The 6 Best German Restaurants in St. Louis

Posted By on Thu, Feb 26, 2015 at 6:00 AM

The dining hall at Bevo Mill. | Cody Krogman
  • The dining hall at Bevo Mill. | Cody Krogman

During these cold winter months, we sit and daydream about our favorite fortifying comfort foods. This week, we're craving hearty German fare -- schnitzel (a thin boneless meat coated in bread crumbs and fried), wurst (sausage), spaetzle (potato dumplings) brezen (pretzels) and sauerbraten (vinegar- or wine-marinated pot roast), to name a few. St. Louis is no stranger to German cuisine, given Missouri's deep German roots, but do you know where to go today for a proper German repast? Let us help you find the perfect spot to treat yourself, and don't forget wash it all down with a cold beer.

See also: The 10 Best Mediterranean Restaurants in St. Louis

Bevo Mill (4749 Gravois Avenue; 314-832-6776)

Many will recognize Bevo Mill for its huge working windmill, which is 60 feet in diameter and rotates on a 24-foot shaft extended through a marble bearing. The restaurant is a landmark for the city as well, defining a neighborhood once populated by German Americans. Recently renovated, the venue hosts a German night every third Friday of the month with a traditional German buffet, live fifteen-piece German brass band and rotating German craft beers. Every Sunday brings one of the largest brunch spreads in the city, with more than 45 items on the menu, including traditional German favorites like bratwurst, sauerkraut, knockwurst, Hungarian sausage, hardwood smoked bacon, whole-hog pork sausage, pickled salads and potato pancakes.

Just a portion of Schneithorst's extensive beer stein collection. | Sara Graham
  • Just a portion of Schneithorst's extensive beer stein collection. | Sara Graham

Schneithorst's Restaurant and Bar (1600 South Lindbergh; 314-993-4100)

Established in 1917 and family-owned since 1956, Schneithorst's Restaurant and Bar offers traditional Bavarian-style cuisine along with American fine-dining favorites. The building is unmistakable, with timber beams that looks like they were plucked right out of a German village. A specialty of the haus is the traditional sauerbraten -- flank steak marinated in an herbed burgundy red-wine sauce, grilled and simmered until it's fork-tender and served with spaetzle and sweet and sour red cabbage.

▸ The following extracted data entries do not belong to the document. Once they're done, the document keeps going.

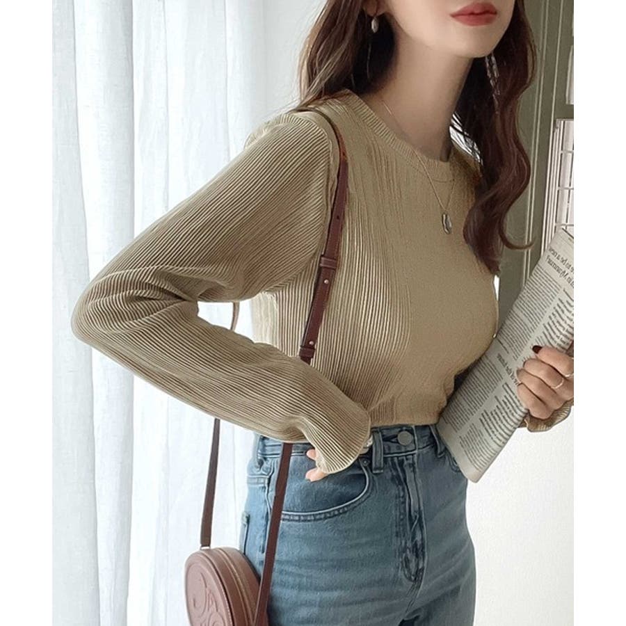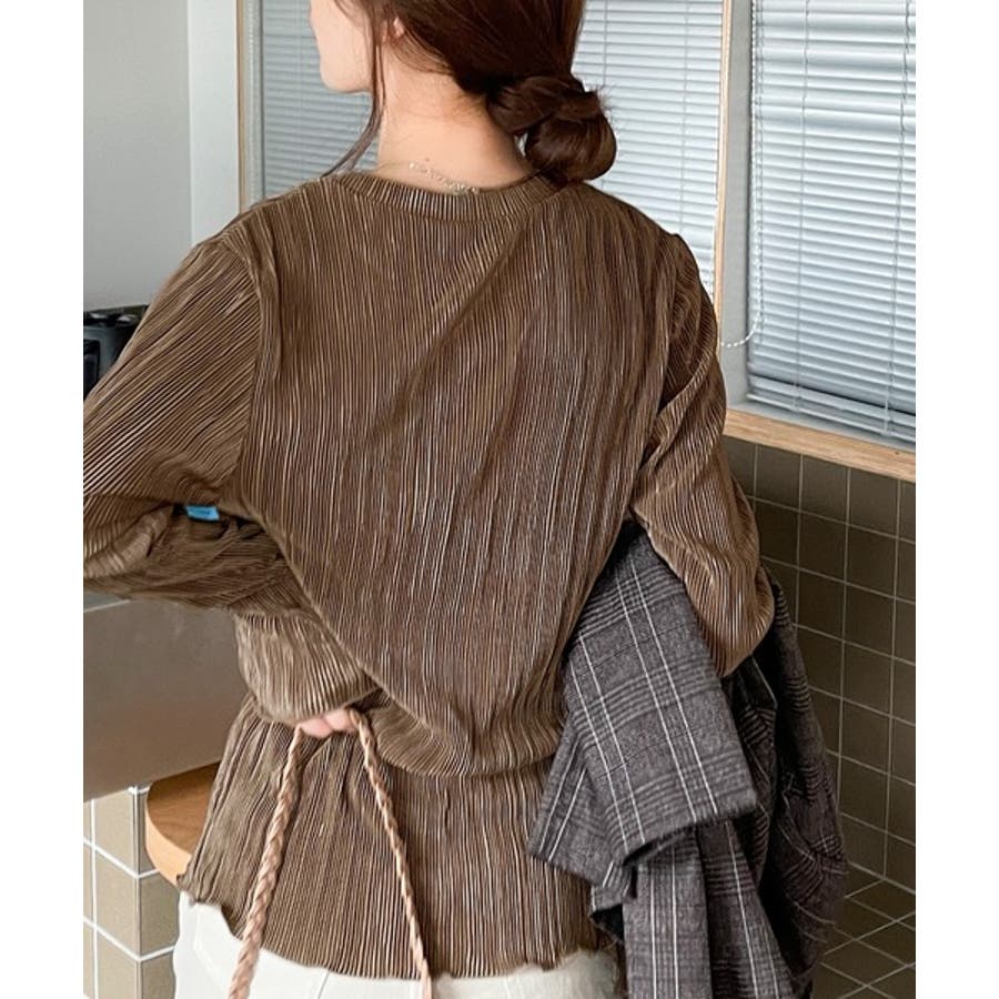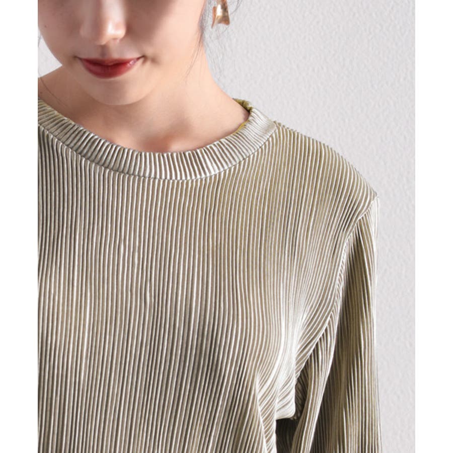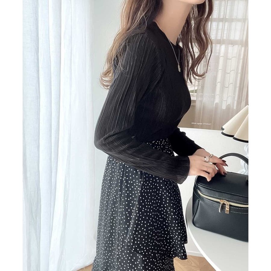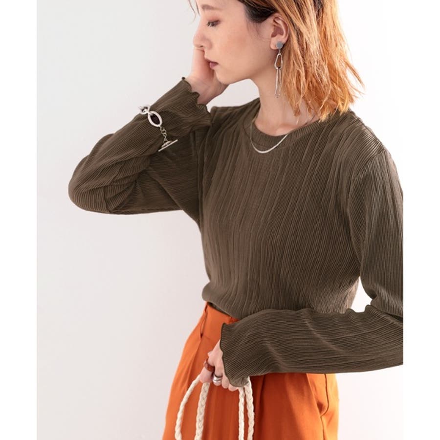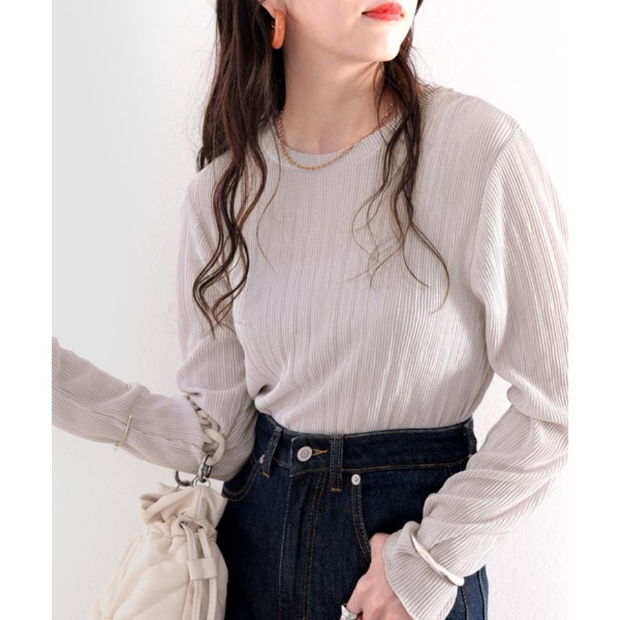 ラウンドネックミドル丈ミニプリーツ袖メローリブブラウス(長袖)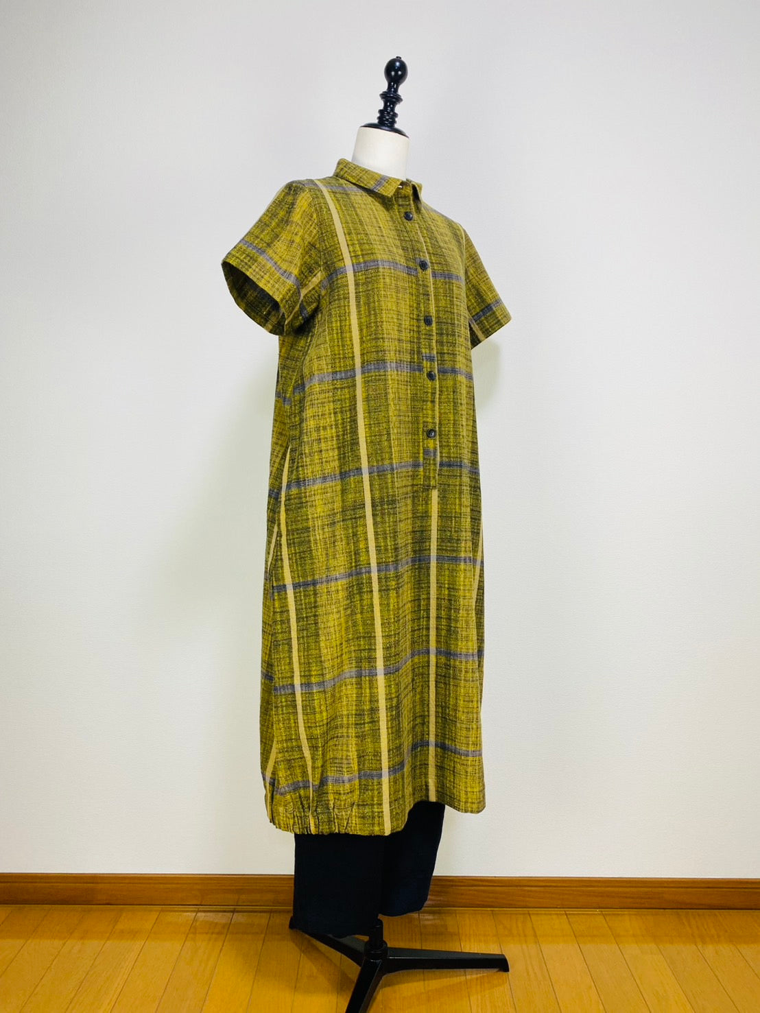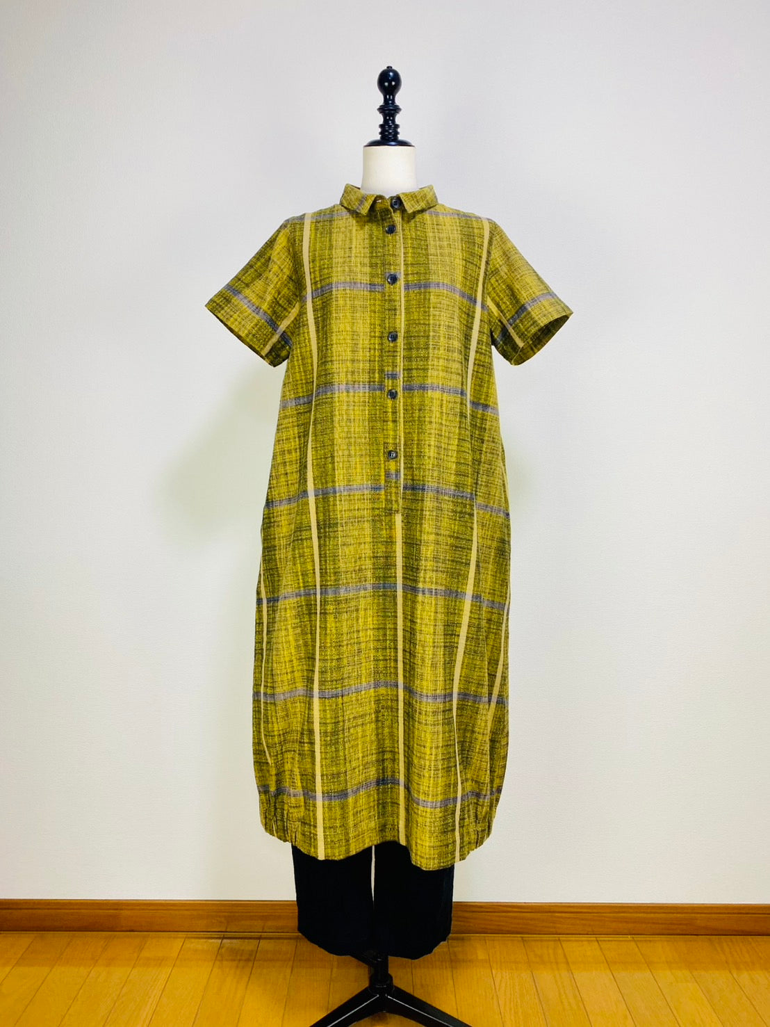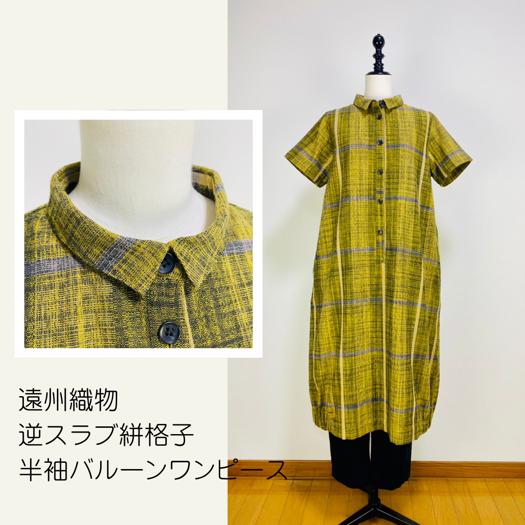 【遠州織物】前立て開きバルーンワンピース 黄色 逆スラブ絣格子 262021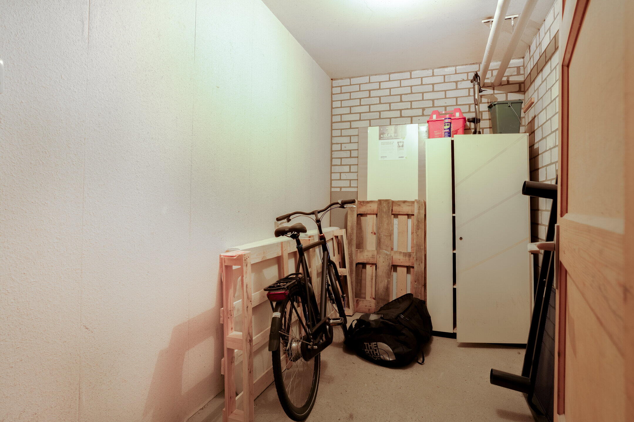 In de onderbouw bevindt zich een afgesloten berging, ideaal voor fietsen en extra opslag.

A customer favorite is the German sausage platter with bratwurst and knackwurst.

click to enlarge Al Smith's Feasting Fox. | RFT Image
  • Al Smith's Feasting Fox. | RFT Image

Al Smith's Feasting Fox Restaurant & Pub (4200 South Grand Boulevard; 314-352-3500)

Originally built in 1914 in Dutchtown, the building that now houses Al Smith's Feasting Fox Restaurant & Pub has survived Prohibition, a devastating fire and years of neglect. It has recently been restored to its original timber-and-stucco glory, including the distinctive steeply pitched roof and corner turret. The menu leans heavily German, with American steaks and seafood sprinkled throughout. German specialties include Wiener schnitzel, Holsteiner schnitzel, pork jaeger schnitzel, sauerbraten, Black Forest sweet and sour pork and backbraten (meatloaf). Don't even think about leaving without dessert -- choose between a Black Forest torte, German chocolate cake or traditional apple strudel.

German fare at Urban Chestnut | Emily McDonald
  • German fare at Urban Chestnut | Emily McDonald

Urban Chestnut's Grove Brewery and Bierhall (4465 Manchester Avenue; 314-222-0143)

Urban Chestnut's Grove Brewery and Bierhall serves traditional northern European dishes with an American twist. The menu's most popular dish is the pork schnitzel sandwich with Missouri pork loin that has been breaded, fried and served on Companion sourdough bread with cabbage slaw and Dusseldorf mustard. Chef Andrew Fair's current favorite dish is the Apotheosis pork sausage (made with Urban Chestnut's Apotheosis beer), served with lentils and a leek vinaigrette. To satisfy your sweet tooth, try the Liege waffles (sugary crisp flattened waffles) or the German doughnuts.

click to enlarge The bar at Schlafly Tap Room. | Laura Miller
  • The bar at Schlafly Tap Room. | Laura Miller

Schlafly Tap Room (2100 Locust Street; 314-241-2337)

The Schlafly Tap Room, one of St. Louis' first craft breweries, offers a European pub-inspired menu alongside a full menu of beer-pairing-optimized American dishes. You'll find traditional dishes such as pork schnitzel, the "plate of swine" (a sampler platter that includes a grilled pork chop, a Hefeweizen bratwurst and beer-battered bacon), Bavarian-style pretzels, pickled herring and beer bread.

Stone Hill Winery's Vintage Restaurant | Keith Borgmeyer
  • Stone Hill Winery's Vintage Restaurant | Keith Borgmeyer

Stone Hill Winery's Vintage Restaurant (1110 Stone Hill Highway, Hermann; 573-486-3479)

If you're in the mood for a day trip, travel to Stone Hill Winery's Vintage Restaurant in the German-settled town of Hermann. The menu offers a journey back in time with traditional German cuisine. For small plates, a wurst sampler includes two German sausages with sauerkraut, housemade pickles, pickled red onion, whole-grain mustard and grilled caraway rye. The wild mushroom strudel features sautéed local wild mushrooms with spinach and Swiss cheese baked in phyllo served warm with a Stone Hill Chardonel crème sauce. Entrées include a cornucopia of German flavors -- pork schnitzel, sauerbraten, grilled pork Kasseler rippchen, breaded chicken schnitzel with housemade spaetzle and a pretzel-crusted Atlantic salmon.